SEC Form 424B5

What Is SEC Form 424B5?

SEC Form 424B5 is a supplemental prospectus a company must file with the Securities and Exchange Commission (SEC) prior to launching an initial public offering (IPO)—should it wish to make changes to the essential offering information previously stated in earlier documents.

Key Takeaways

  • SEC Form 424B5 is a corrected prospectus addendum that a company must file when it realizes that previously-stated offering information is incorrect or incomplete.
  • SEC 424B5 most often follows up Form 424B2, which contains the initial round of offering data.
  • Companies must file Form 424B5 as a provision under the Securities Exchange Act of 1933.

Understanding SEC Form 424B5

SEC Form 424B5 mandates companies to clarify or update securities offering information before going public. These follow-up prospectuses help investors evaluate companies they are contemplating investing in, so they can make clearheaded decisions.

The form is generally used to clarify data originally provided by Form 424B2, including the intended opening share price of the stock, the number of overall shares the company plans to issue, and any other pertinent data that may influence an investor's decision on whether or not to invest in the company.

If a company recognizes the need to clarify existing information, it must itemize any adjustments in Form 424B5, then file the document within two business days of determining such changes are deemed necessary. All of this must occur prior to the date of the IPO.

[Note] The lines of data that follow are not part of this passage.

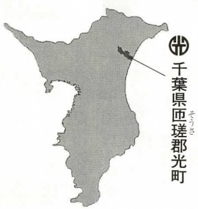
千葉県匝瑳郡光町

町の面積33.31kmの約7割が農地と山林で占められている。気候は、夏涼しく冬暖かい温暖な海洋性である。
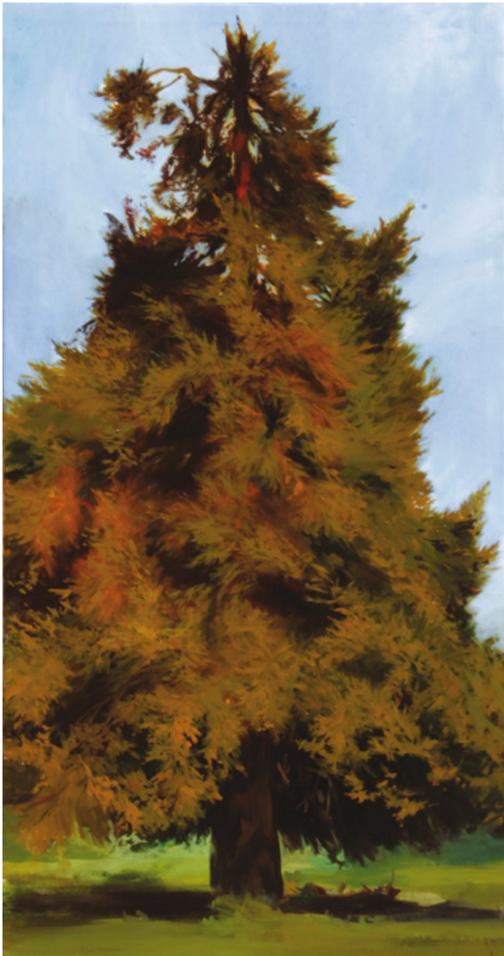
Fenyő II. 200x110 cm, olaj, vászon, 2016.
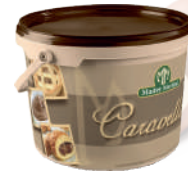
Gran Pistacchio opak.: 5 kg
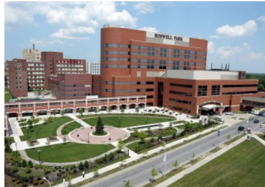
Roswell Park Cancer Institute
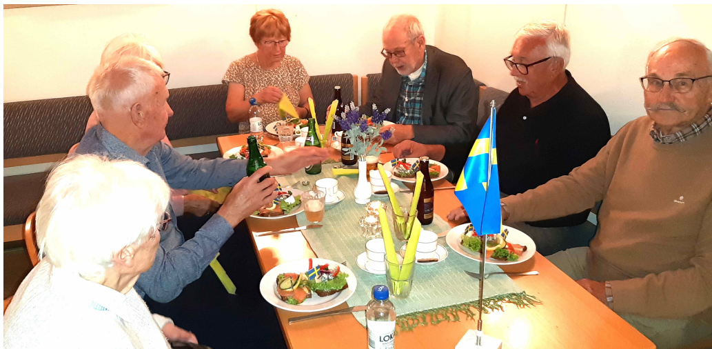
Nu ska det smaka bra med mat, tyckte det glada hörngänget
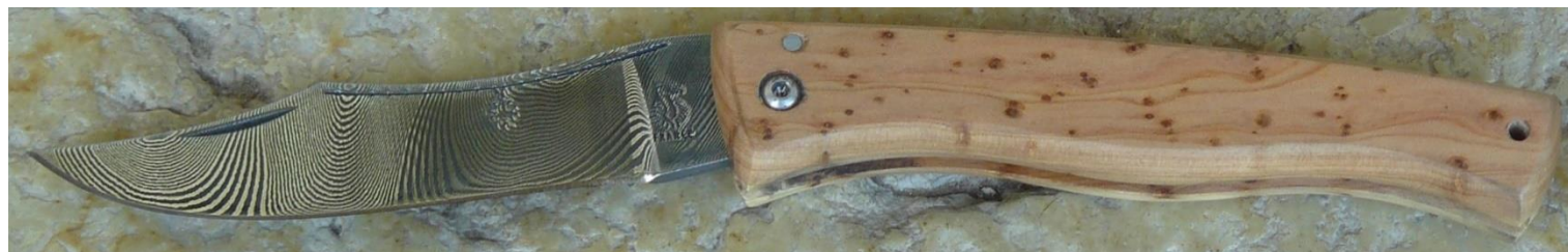
Manche : genévrier/cade ( Juniperus oxycedrus ), vissé. .
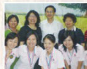
▲董事們與資深敬業獎得主合影。

老五老基金會過去十年是一個階段性任務的達成，同時也是下個階段的開始，活動當天，藉由拼台灣地圖的儀式，一同許下未來十年的願景——「有老人的地方，就有老五老」，希望版圖能拓及到全台，為更多的老人服務。

Requirements for SEC Form 424B5

SEC Form 424B5 must be filed in accordance with Rule 424(b)(5) of the Securities Exchange Act of 1933. This legislation was passed to ensure that registration statements and prospectuses contain the risk and reward metrics consumers need to make informed investment choices about new securities offerings.

The act holds directors, attorneys, accountants, underwriters, and any other signatories of registration statements civilly liable for false and misleading statements contained within these documents. Any party that willfully violates the Act of 1933 is subject to a five-year prison sentence, a $10,000 fine, or both.

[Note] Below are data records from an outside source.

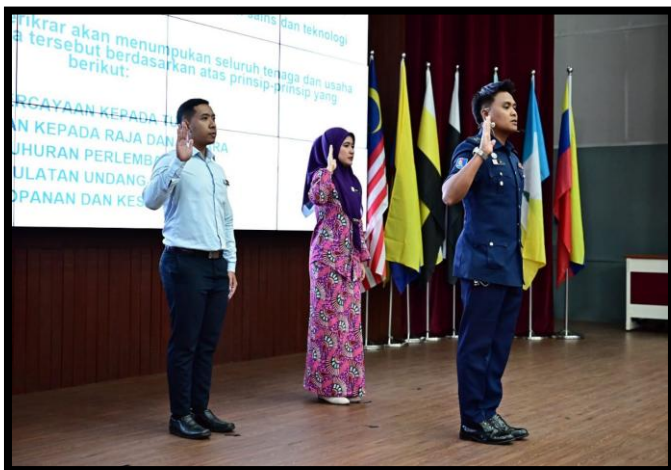
PERHIMPUNAN BULANAN AGENSI PENGURUSAN BENCANA NEGARA (NADMA) BIL. 1 TAHUN 2026
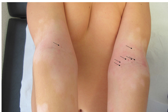
Figura 3 Tras un año sin tacrolimus, persistencia de lesiones en huecos antecubitales (→).

pocos casos biopsiados, el estudio histopatológico muestra aumento de melanocitos epidérmicos y leve incontinencia pigmentaria 1,3 .
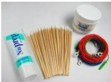
Startset für THERA PRAX ® MOBILE
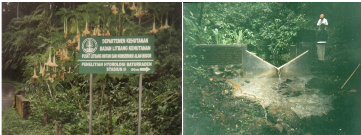
Gambar (Figure) 4. Stasiun pengamat hasil air 2 ( Water yield monitoring station 2 )
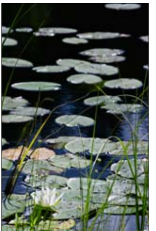
Lumme kukkii Keltalammella, jonka vesi on soisen tummaa.

Metsässä ei sotien jälkeen ole tehty mitään metsänhoidollisia toimia. Valtio antoi rauhan tultua palstan evakkojen joutuneelle karjalaisperheelle, joka asuttettiin Heinolan seutuville. Metsä oli sen verran kaukana muista tiluksista, että se
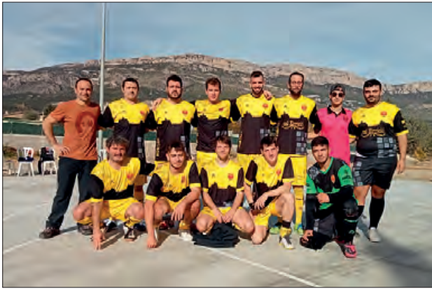
Foto d'arxiu del torneig de futbol sala l'any passat

Aquest dissabte 17 de desembre, es va celebrar el 7è Torneig Solidari de Futbol Sala, en el qual es feia una recollida solidària de joguines amb l'objectiu de garantir que les famílies més necessitades tinguin regals per als seus infants aquestes festes.

These stringent penalties were developed in the wake of the stock market crash of 1929, which was largely caused by a severe lack of market transparency. By stimulating increased disclosure in financial statements, the act aims to reduce securities fraud and prevent future fiscal crises.

SEC Form 424B5 is often drafted by the underwriting firm that launches a company's initial public offering (IPO), which is typically an investment bank.

Example of SEC Form 424B5

On May 18, 2016, Tesla Motors, Inc. issued a Form 424B5 filing when it augmented the number of common stock shares it was rolling out for its IPO. The actual wordage in the document included the following sentences:

"We are offering 6,800,000 of the shares to be sold in the offering. The selling stockholder identified in this prospectus supplement is offering an additional 2,777,901 shares. We will not receive any of the proceeds from the sale of the shares being sold by the selling stockholder. Our common stock is traded on the Nasdaq Global Select Market under the symbol “TSLA.” The last reported sale price of our common stock on May 17, 2016, as reported on Nasdaq, was $204.66 per share."